Nell’ambito di tale provvedimento, ha trovato positiva soluzione, come da tempo sollecitato da AERANTI-CORALLO,  sia la problematica dei diritti amministrativi che gli operatori di rete per la televisione digitale terrestre devono corrispondere annualmente, sia la problematica concernente gli importi dovuti annualmente dagli operatori di rete per la tv digitale terrestre per l’utilizzo delle frequenze dei ponti di collegamento. Su tale questione era, infatti, stato proposto in Commissione un emendamento del relatore, risolutivo della problematica, come ampiamente illustrato nel numero 10/2015 del 15 maggio 2015 del TeleRadioFax.
Non ha, invece, trovato accoglimento la ulteriore proposta, sollecitata da AERANTI-CORALLO, relativa all’inserimento di un ulteriore scaglione per gli operatori di rete con popolazione potenzialmente destinataria dell’offerta fino a 10 milioni di abitanti (l’attuale formulazione prevede, infatti, un gradino tra i soggetti con popolazione potenzialmente servita sino a 5 milioni di abitanti e quelli con popolazione potenzialmente servita sino a 15 milioni di abitanti.
Su tale questione, è stato accolto un ordine del giorno in Aula (presentato dall’on. Davide Caparini, della Lega Nord) che impegna il Governo a intervenire sulla materia fissando un ulteriore scaglione relativo a soggetti aventi copertura sino a 10 milioni di abitanti.
IL 16 GIUGNO, AL SENATO, PRESENTAZIONE INDAGINE CONOSCITIVA AGCOM SU INFORMAZIONE E INTERNET IN ITALIA
 

■ Si svolgerà il prossimo 16 giugno alla Sala Capitolare del Senato la presentazione dei risultati dell’indagine conoscitiva, svolta nei mesi scorsi dall’Agcom, “Informazione e Internet in Italia: modelli di business, consumi, professioni”.

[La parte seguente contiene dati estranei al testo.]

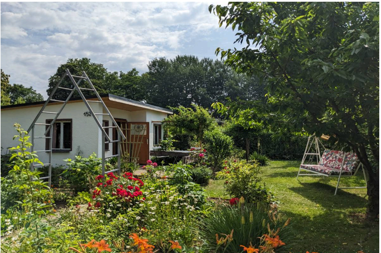
DDR-Garten – ©Kleingärtnermuseum Leipzig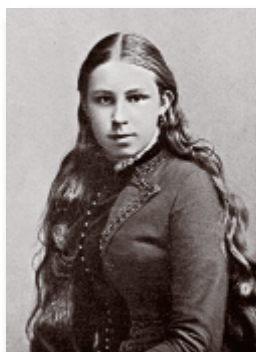
Henriette Roland Holst als tiener.

Henriette Roland Holst (1869-1952), dichteres en socialiste. In de zomer van 1895 verhuisde Henriette van der Schalk met haar moeder van haar geboorteplaats Noordwijk naar Hilversum. Daar betrokken zij een inmiddels afgebroken villa op de Lindenheuvel (11). Het jaar daarop trouwde ze met Richard (Rik) Roland Holst in het Oude Raadhuis op de Kerkbrink. Daarmee werd ze tante van Adriaan Roland Holst. Het echtpaar ging wonen in een huis op het landgoed Schoonoord, Zuidereind 11 's-Graveland.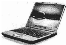
(c) 体积更小的便携笔记本电脑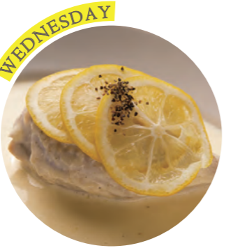
Simmered Daisen chicken with Setouchi lemon cream 大山鶏の瀬戸内レモンクリーム煮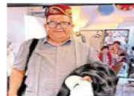
La parroquia compartió fotos del grupo en Estambul.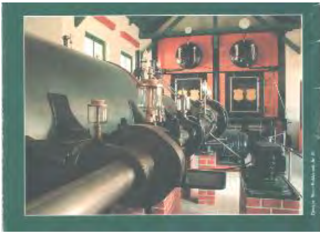
Ábra. Ipari műemlék gőzgép és kazán Lentiben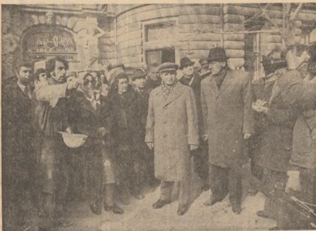
Lângă blocul „Continental”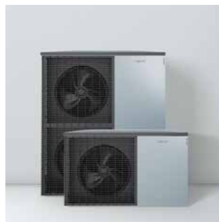
Buitenunits in Viessmann-design: Made in Germany

De regeling heeft een eenvoudige en intuïtieve bediening. Met de Vitoconnect-webinterface (toebehoren) en de gratis ViCare-app kan het systeem ook op afstand via smartphone bediend worden. En daarenboven kan de installatie, mits toestemming van de gebruiker, ook online via de Vitoguide-software door een verwarmingsspecialist opgevolgd worden. Warmtepompen die aangesloten zijn via de Vitoconnect webinterface genieten van 5 jaar garantie.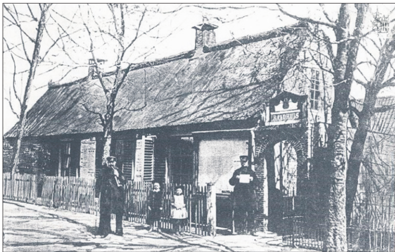
■ Het oude raadhuis uit 1845.

Toen het nieuwe gemeentehuis in 1961 in gebruik was genomen, werd het oude raadhuis aan de Brinklaan direct gesloopt, om

Tale indagine è stata finalizzata a far emergere le mutazioni della professione giornalistica nel nuovo contesto tecnologico e di mercato nonché a evidenziare qual è, attualmente, il panorama dell’offerta informativa in Italia e dove è rivolta la domanda di consumo del pubblico.
L’evento (cui parteciperà per AERANTI-CORALLO Fabrizio Berrini) sarà introdotto dal presidente Agcom Angelo Marcello Cardani e, dopo la presentazione dei risultati dell’indagine, verrà seguito da una tavola rotonda.

RACCOLTA PUBBLICITARIA SUI MEDIA: DOPO IL PRIMO TRIMESTRE POSITIVO, APRILE CON IL SEGNO MENO. BENE LA RADIO

■ I dati sulla raccolta pubblicitaria rilasciati mensilmente da Nielsen mostrano che il primo quadrimestre 2015 (gennaio-aprile), raffrontato al primo quadrimestre 2014, fa segnare un lieve peggioramento. Dopo i primi tre mesi dell’anno, caratterizzati da una crescita dell’indice globale, il solo mese di aprile cala del 3,3%, portando il primo quadrimestre a ‐2,3%, rispetto allo stesso periodo del 2014.
Con riferimento ai singoli mezzi, la tv segna un calo del 2,2%. Peggio fa la stampa (quotidiani -7,0%, periodici -5,3%).
In controtendenza la radio, che continua il trend di crescita, attestando il quadrimestre a +8,6% (mentre nel solo mese di aprile, la radio fa registrare un +10,2%). Tale dato conferma il crescente interesse nel mezzo radiofonico da parte degli investitori pubblicitari.